Ich argumentiere ähnlich wie im englischen Beitrag unten in diesem zweisprachigen (deutsch/englisch) Beitrag.
From my comment here.
I agree, we need a wealth machine, i.e. capitalism, in place all over the world to make people richer and capable of devoting more resources to environmental issues.
However, Tim Worstall (in the article to which you have provided a link) uses phrases like “to benefit the environment”. A formulation like this still amounts to an unfortunate (and in Worstall’s case presumably an inadvertent) bow to green mythology.
Nothing benefits or hurts the environment, since the environment is not a conscious subject.
There simply is no Gaia, a higher being putatively setting the standards that we need to heed, a superior creature deserving to be admired, obeyed and emulated by us lower beings.
The environment is at best indifferent, but I think it is more appropriate to see it as the worst enemy we have. Unless we subordinate the environment (nature) to our needs and interests, it will quickly reveal its murderous “attitude” toward human beings.
Instead of reverting to Worstall’s misleading phrase (or similar phrases) we should emphasise in our writing that the issue is not “the environment” but “the relationship/interaction of man with the environment”. And this relationship can be conceptualised, comprehended and managed by man alone, certainly not by “the environment”.
The correct phrase is not “to benefit the environment” but “to benefit human beings through our dealings with the environment”. Environmentalism can have no other sensible meaning.
People who deify nature ( = the environment), turning it into a person or even a god, are back to the lowest stage of human development, giving up the foremost human talent, highly advanced nowadays — after countless generations of humans, expending much blood, sweat and tears, have handed these wonderful capabilities down to us — namely our ability to turn the environment into a tool and an arena for human betterment.
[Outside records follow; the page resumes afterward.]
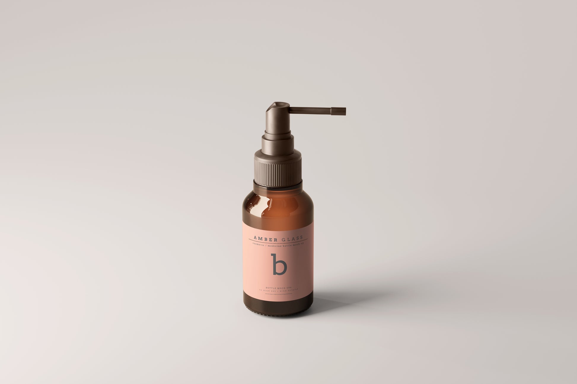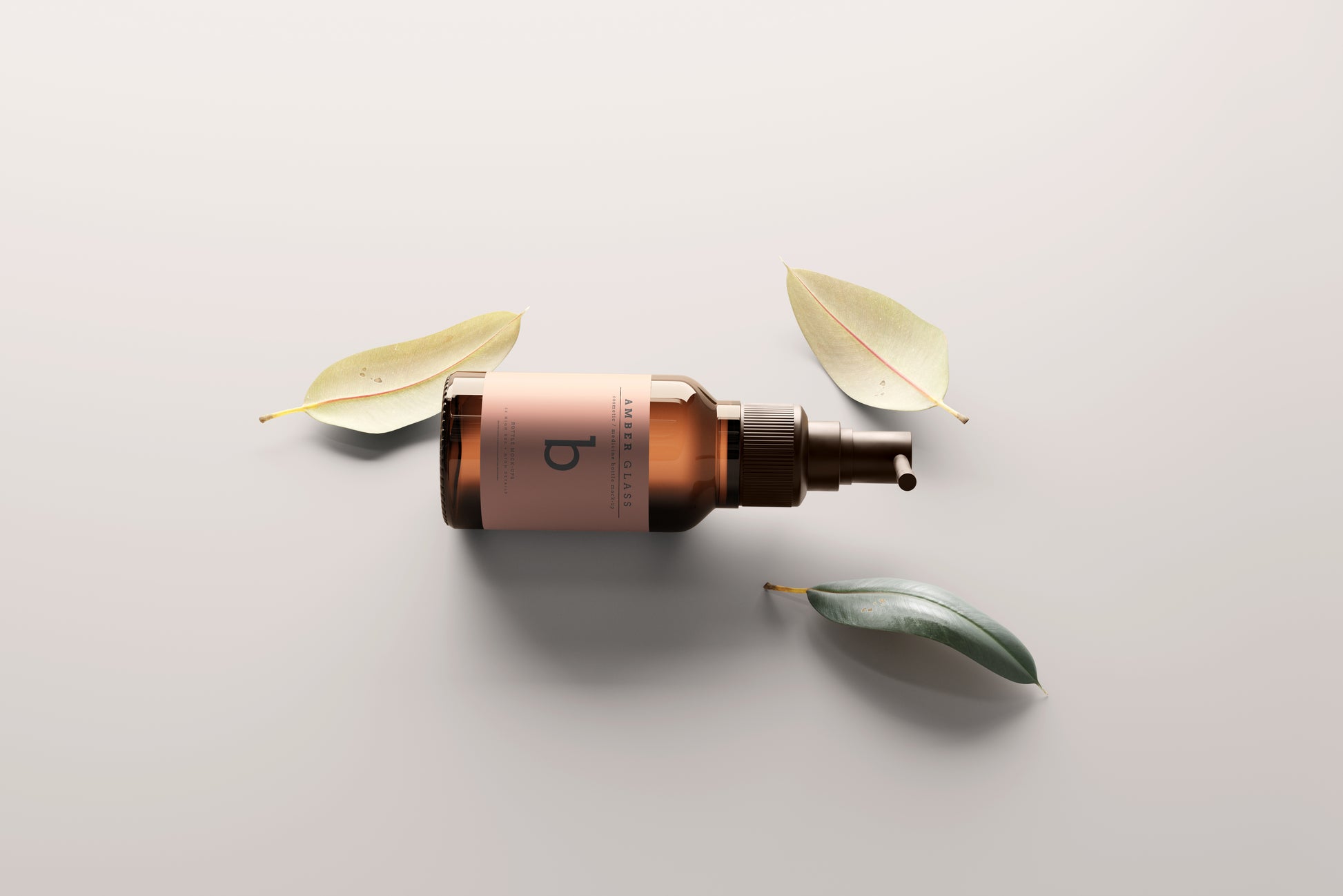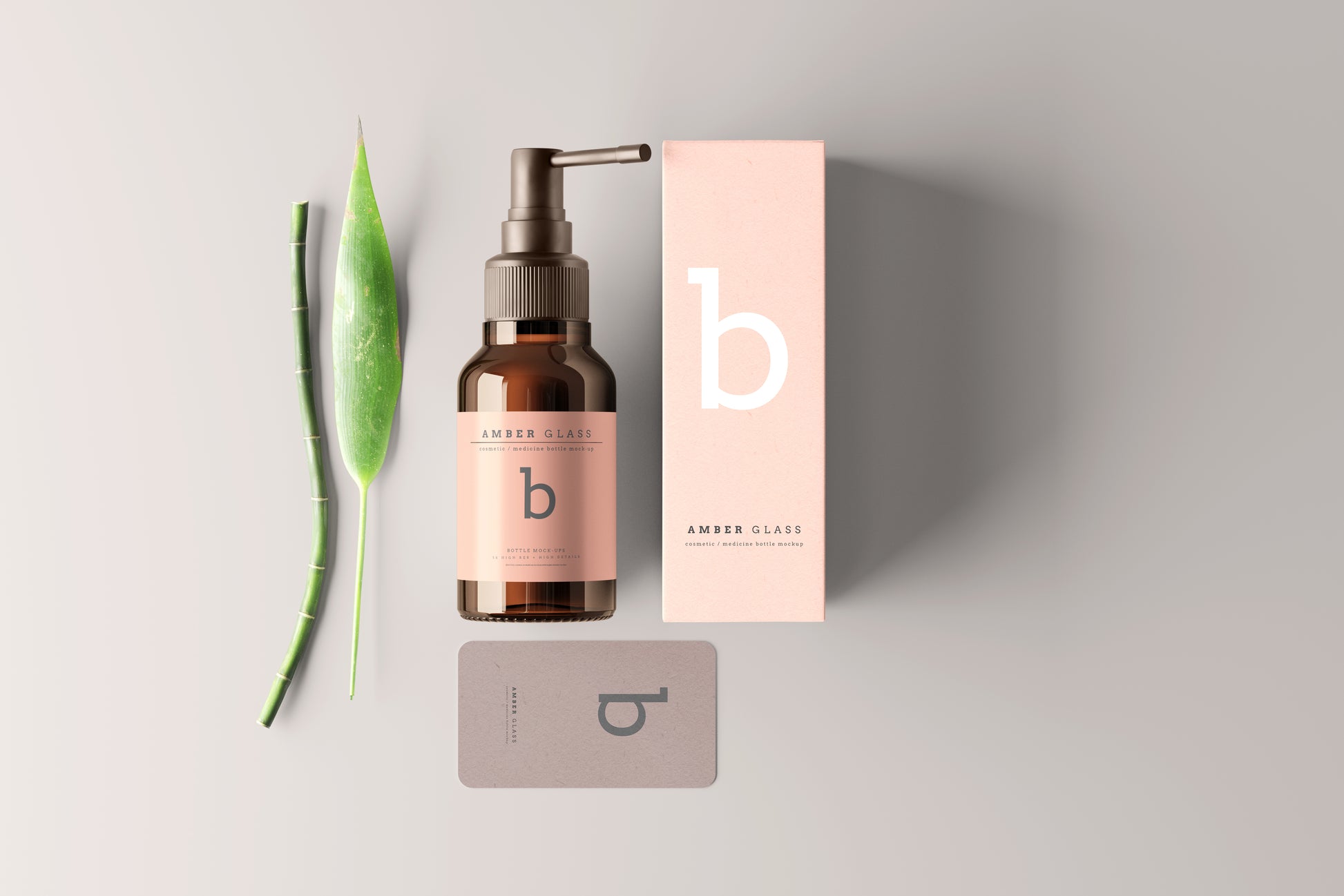 Amber Color Glass Cosmetic or Medicine Bottle Packaging Mockups.
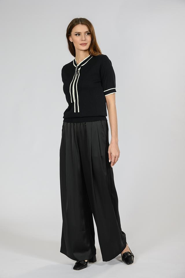 Представляем брюки от бренда Emka, выполненные в классическом чёрном цвете. Эта модель палаццо станет отличным дополнением к вашему гардеробу, позволяя создавать как повседневные, так и более формальные образы.
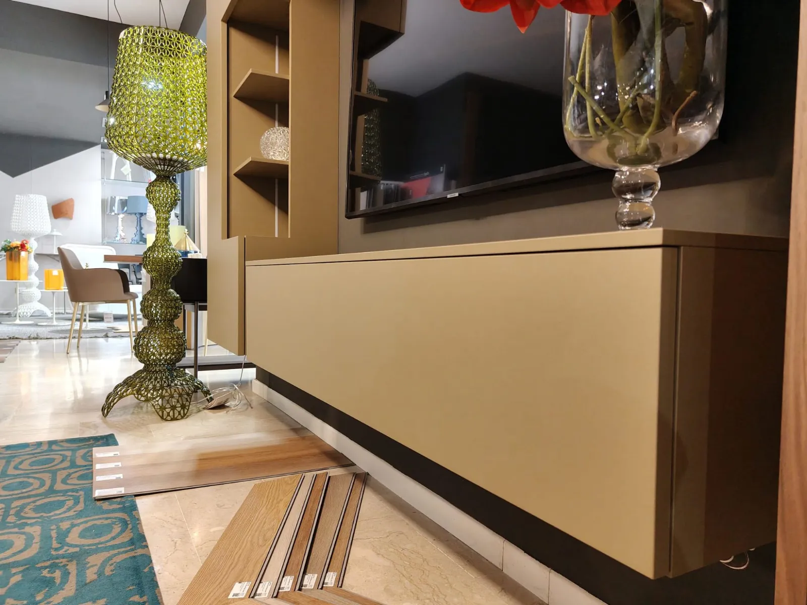 La parete attrezzata Horizon di Mobilgam si presenta come un equilibrio raffinato tra estetica contemporanea e funzionalità. La base sospesa, in una finitura chiara e materica, attraversa la parete con leggerezza, creando un piano d’appoggio essenziale che lascia respirare l’ambiente.
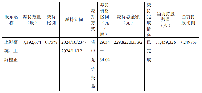 2024年10月23日至2024年11月12日,上海檀英、上海檀正投资合伙企业(有限合伙)(以下简称“上海檀正”)减持君实生物7,392,674股,减持比例为0.75%,减持价格区间为29.54元/股至34.04元/股,减持总金额为2.30亿元。
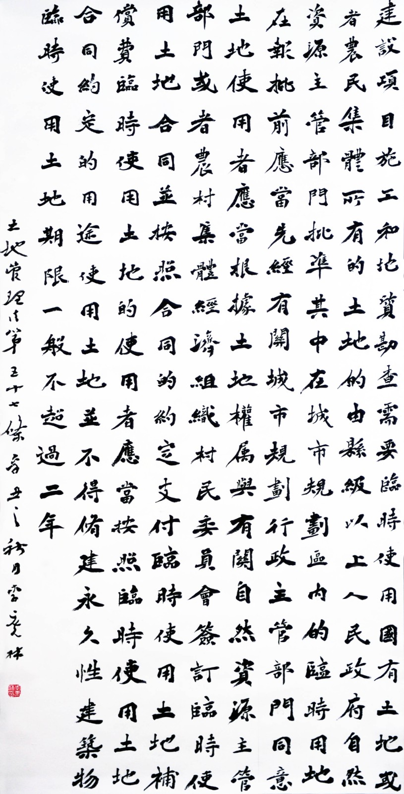 繼1600余位書法家參與書寫《中華人民共和國民法典》全部1260條法條之后,法治日報社聯(lián)合自然資源部法規(guī)司、自然資源部書畫研究會和北京昌平書法家協(xié)會,將筆端對準土地管理“一法一條例”,即《中華人民共和國土地管理法》和《中華人民共和國土地管理法實施條例》。
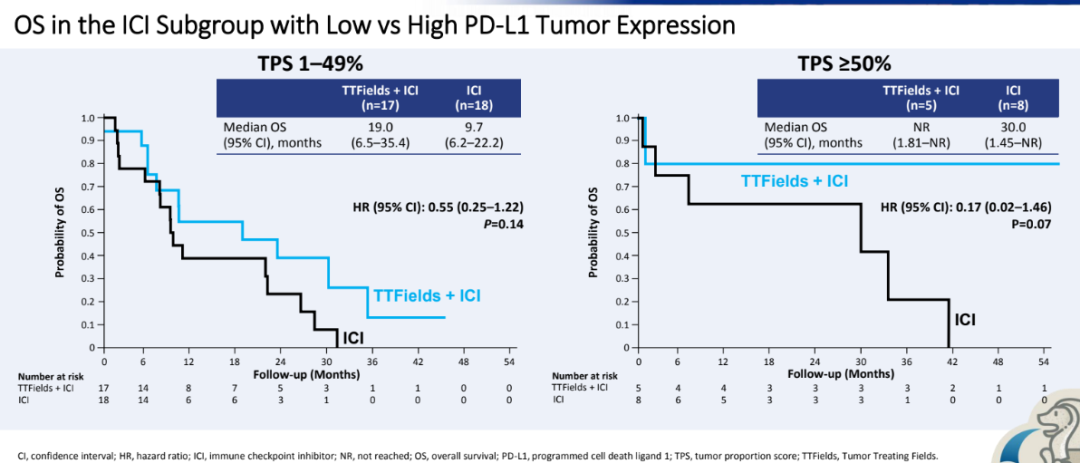 研究人员基于PD-L1表达水平分析了PD-L1表达与疗效之间的相关性。在PD-L1阳性(TPS≥1%)患者中,接受TTFields联合ICI治疗与单独接受ICI的患者相比,OS获益更为明显,两组的中位OS分别为23.6个月(95% CI: 7.7~未达到)和10.5个月(95% CI: 7.5~26.6)。在PD-L1低表达(TPS 1-49%)亚组中,中位OS分别为19.0个月vs 9.7个月(HR=0.55,P=0.14);在PD-L1高表达(TPS≥50%)亚组中,中位OS分别为未达到 vs 30.0个月(HR=0.17,P=0.07)。

The question whether something is “good or bad for the environment” is really the question whether something is “good or bad for human beings, given their needs and interest”.
Show no patience for those who pretend that
there are valid standards beyond fallible human counsel (which latter is dubious in the absence of freedom of speech and open discussion),
this supposed higher standard is objective and godly,
this allegedly sacred (but in fact utterly ill-conceived) standard happens to be identical with what the Greens think.